Art

Wave Function Collapse

The WaveFunctionCollapse algorithm[1] works off an inventory of possible patterns in a grid. Initially each grid point is initialized to "all possible patterns". As the algorithm iterates, a grid point is selected, a valid tile is selected for that grid point, and knowledge about how that constrains possible adjacent patterns is propagated to the neighbouring points in the grid. It is configurable how far this wave of propagation continues. The algorithm terminates when either everything has been "collapsed" to a single known state (a chosen pattern) or there are no more valid continuations. If the adjacency rules are not too stringent, the algorithm generally converges fairly well.

There are two main modes in which the algorithm operates:

  1. Simple tiled mode
  2. Overlapping mode

For simple tiles, a set of base tiles is defined to provide the patterns along with some adjacency rules. The grid represents the grid of tiles, producing a final image that is grid size X tile size.

For the overlapping mode, patterns are sampled from a source image. Adjacency rules are determined by considering the patterns that are the same except for a leading or trailing row or column. In this case each grid point represents a single pixel inferred from the patterns for a final image that is just the size of the grid, regardless of tile size. Increasing tilesize limits the number of allowable overlaps. Since the algorithm performance depends largely on number of points in the grid (so increases with the square of the length/width of the grid), producing large images with the overlapping mode can get very expensive. However, the result can be generated setting the periodic output flag, which means the top and bottom of the result match as do the left and right, so multiple instances of the same tile can be laid out repeatedly in a grid to produce a single, larger, seamless image.

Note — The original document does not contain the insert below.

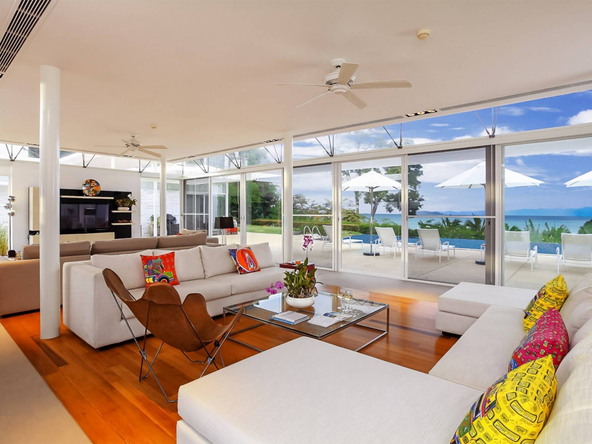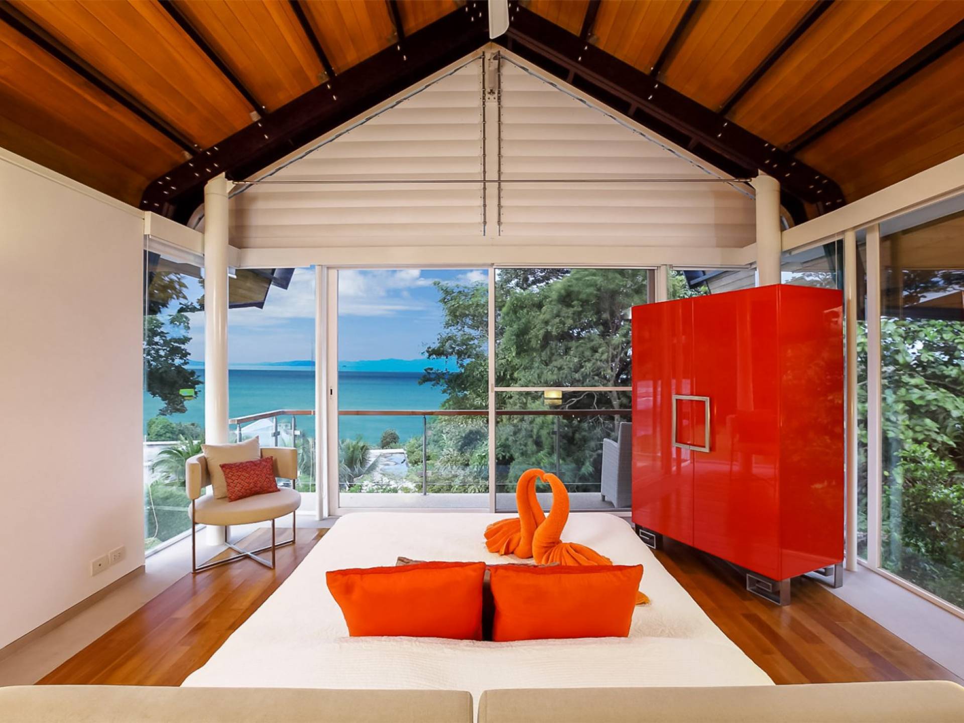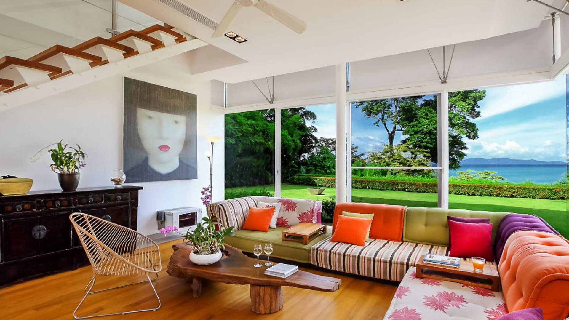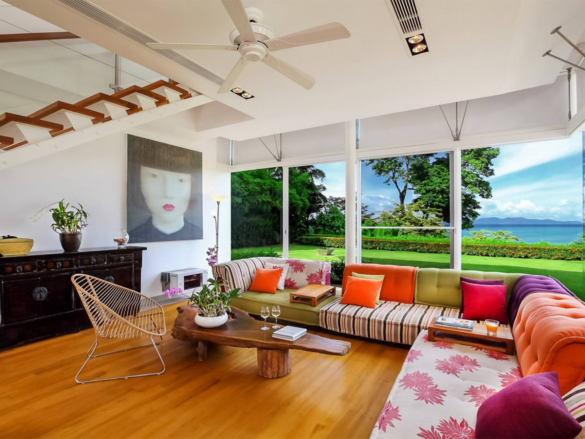 Eine Palette leuchtender Farben auf den Stoffen und den Kunstwerken an den Wänden verleiht der Atmosphäre ein behagliches, erhebendes Gefühl und harmoniert perfekt mit den Holzoberflächen. Die Glaswände bieten einen unbegrenzten atemberaubenden Blick auf die tropische Natur der Gegend, das faszinierende saphirblaue Meerwasser, den beeindruckenden Infinity-Pool und die idyllischen Sonnenuntergänge.

Selection of the next grid point is based on the minimum entropy. Initially this is (log(Σwi) - Σlog(wi))/Σwi (wi is the weight of the ith tile). As the algorithm proceeds and allowable tiles are eliminated at a grid point, eliminated tiles' contributions to this value are removed. A small random factor is added in at selection time to reduce ties and add more variability to the outputs.

Once a grid point is selected, a tile is picked randomly from the remaining allowable tiles, with the selection weighted in accordance with relative tile weights.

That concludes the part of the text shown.